# planted tank



## G-NOME (Jul 7, 2010)

what kind of plants would be good in a 55 gal planted? Here's a list of plants i made up:

Amazon Sword
Java Fern
Aponogeton Crispus
Crinum "dwarf" Onion Plant
Vals, Italian
Java Moss
Ambulia
Ponterifolia 


If you have any comments, suggestions don't hesitate!

Thanks!
Matt


----------



## charking (Aug 12, 2009)

i bought some Aponogeton bulbs for my 55gal popped them in and 2 days later they are all ready sprouting they row like crazy lol. have a look at my planted tank album i have some water wisteria, an unknown plant, amazon sword and the Aponogeton bulbs.. oh and a moss ball XD


----------



## Corwin (May 23, 2010)

ive heard good things about moss balls, especialy if you keep shrimp.
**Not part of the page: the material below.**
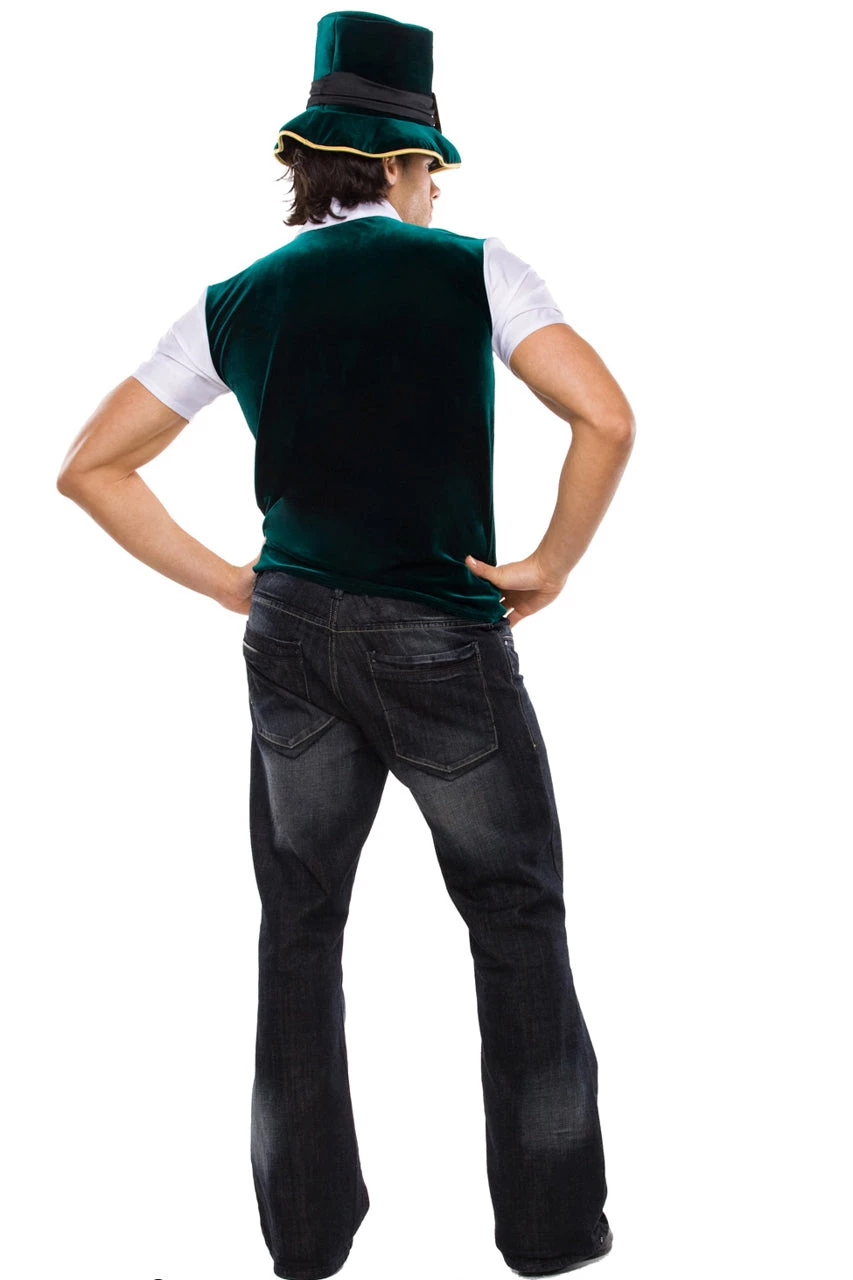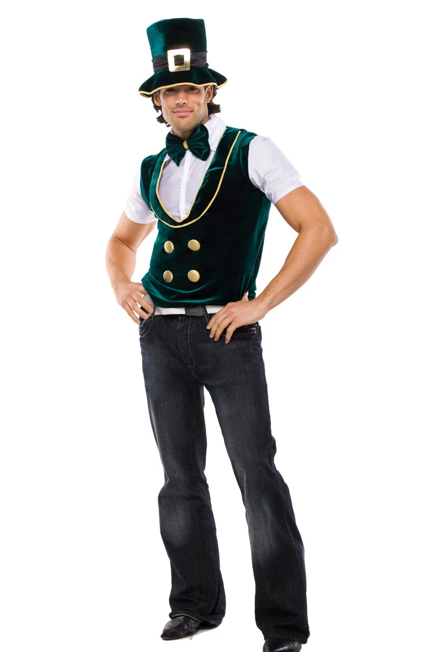 This Men’s Leprechaun costume includes a green velvet vest with an attached white shirt, gold button and trim detail, bow tie, and hat.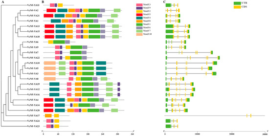 Phylogenetic relationship, exon-intron gene structure, and structure of conserved protein motifs in VcNF-YA transcription factors. (A) Phylogenetic tree was constructed based on the full-length sequence of the VcNF-YAs protein. (B) Motif composition in VcNF-YAs protein. The pattern of Motif 1–10 is displayed with boxes in different colors. Motifs in the amino acid sequence of VcNF-YAs were predicted using online MEME tool. (C) Exon-intron structure of the VcNF-YA transcription factors. Yellow boxes indicate exons. Green boxes indicate untranslated 5′- and 3′-regions. Black lines indicate introns.

Dwarf hairgrass and anubias (sp?) are both nice plants that will spread across your tank and create almost a lawn like effect. Though if you dont want that dont get them 

Just a note of caution with the java moss, expect to trim it from time to time, as it can and will get out of hand if left to its own devices.


----------



## G-NOME (Jul 7, 2010)

thanks! ill look into moss balls, and i was going for the grassy lawn thing lol


----------